Repayment/Forfeiture. Any benefits that the Participant may receive hereunder shall be subject to repayment or forfeiture as may be required to comply with the requirements of the U.S. Securities and Exchange Commission or any applicable law, rule or regulation, including the requirements of the Dodd-Frank Wall Street Reform and Consumer Protection Act and any rules or regulations thereunder, as may be in effect from time to time.

 

	
 
	
(b)
	
Claw-back.  If the Participant performs any activity that is in violation of any of the restrictive covenants in any exhibit to the Employment Letter the Company may recoup from the Participant any proceeds, gains or other economic benefit the Participant actually or constructively received from the STIP.

 

10.4 Severability.

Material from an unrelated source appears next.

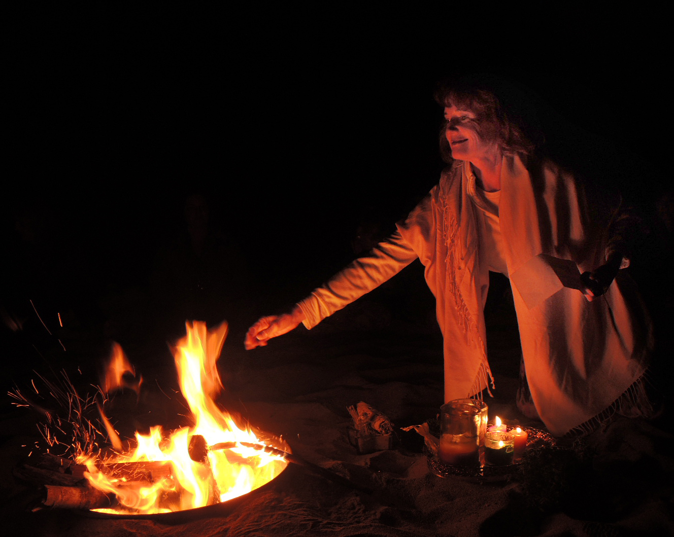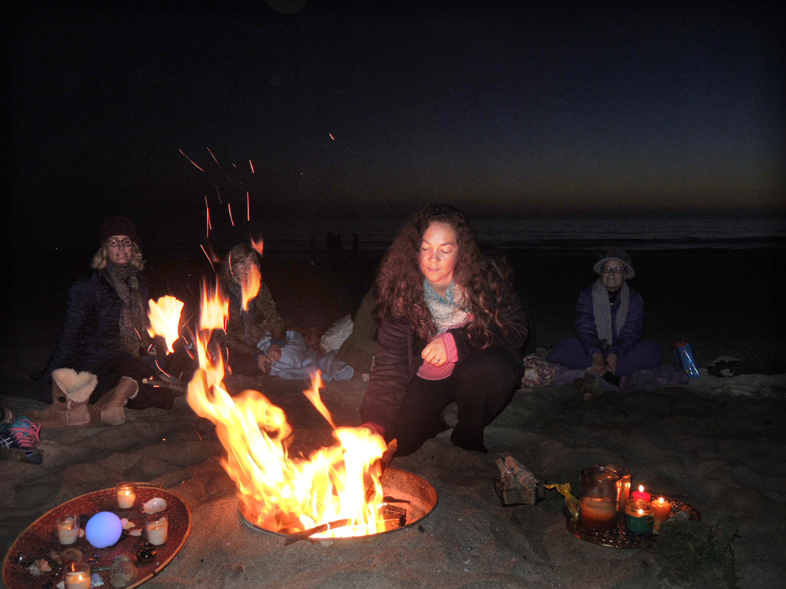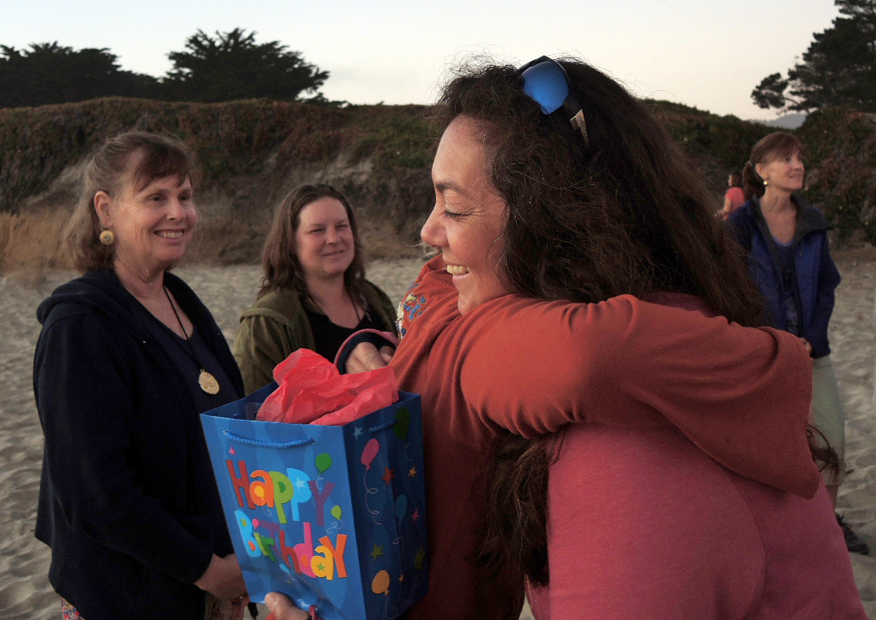 Our spirits lifted greeting one another and marveling at the blessing of perfect weather at our sandy, sacred ceremonial grounds. The conch was blown and our circled gathered, aglow with the golden hue of the setting sun. Commencing ritual, we called in the seven directions and invited our chosen loved ones to join us in spirit. As the sun bestowed upon us the day’s final light, we shared a wealth of joyful singing, wishes and gifts with the women who chose to be born in the months of August and September.

In the event any provision of the Plan shall be held illegal or invalid for any reason, the illegality or invalidity shall not affect the remaining parts of the Plan, and the Plan shall be construed and enforced as if the illegal or invalid provision had not been included.

 

10.5   Costs of the Plan.  All costs of implementing and administering the Plan shall be borne by the Company.

 

10.6 Successors. All obligations of the Company under the Plan shall be binding upon and inure to the benefit of any successor to the Company, whether the existence of such successor is the result of a direct or indirect purchase, merger, amalgamation, consolidation, or otherwise, of all or substantially all of the business and/or assets of the Company.